## The input

┏━━

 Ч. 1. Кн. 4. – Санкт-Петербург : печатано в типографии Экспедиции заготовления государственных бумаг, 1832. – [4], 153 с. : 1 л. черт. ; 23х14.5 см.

┗━━
┏━━

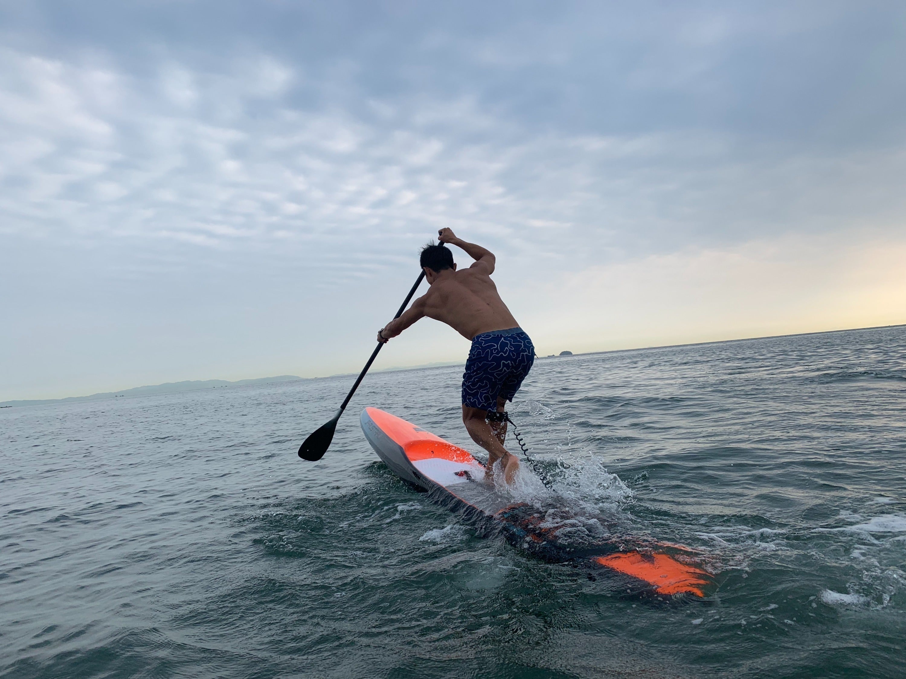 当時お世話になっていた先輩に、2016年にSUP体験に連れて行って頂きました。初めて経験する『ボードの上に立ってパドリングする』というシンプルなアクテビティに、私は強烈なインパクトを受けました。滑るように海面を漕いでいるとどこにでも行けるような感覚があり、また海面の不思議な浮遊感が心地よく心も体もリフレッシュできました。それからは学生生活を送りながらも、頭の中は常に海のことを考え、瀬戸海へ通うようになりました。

┗━━
┏━━

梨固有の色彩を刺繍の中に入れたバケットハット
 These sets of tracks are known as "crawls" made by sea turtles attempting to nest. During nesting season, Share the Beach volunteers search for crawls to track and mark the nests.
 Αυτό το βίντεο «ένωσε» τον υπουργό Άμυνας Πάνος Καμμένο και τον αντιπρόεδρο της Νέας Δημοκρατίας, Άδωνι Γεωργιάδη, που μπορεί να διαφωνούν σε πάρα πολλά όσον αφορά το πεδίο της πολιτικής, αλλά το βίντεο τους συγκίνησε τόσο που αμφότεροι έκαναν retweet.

┗━━

## What you are asked to do
Out of the material above, output word for word the line with "These sets of", the line with "Αυτό το βίντεο", and all lines between them, with nothing else.

## Response to the exercise
 These sets of tracks are known as "crawls" made by sea turtles attempting to nest. During nesting season, Share the Beach volunteers search for crawls to track and mark the nests.
 Αυτό το βίντεο «ένωσε» τον υπουργό Άμυνας Πάνος Καμμένο και τον αντιπρόεδρο της Νέας Δημοκρατίας, Άδωνι Γεωργιάδη, που μπορεί να διαφωνούν σε πάρα πολλά όσον αφορά το πεδίο της πολιτικής, αλλά το βίντεο τους συγκίνησε τόσο που αμφότεροι έκαναν retweet.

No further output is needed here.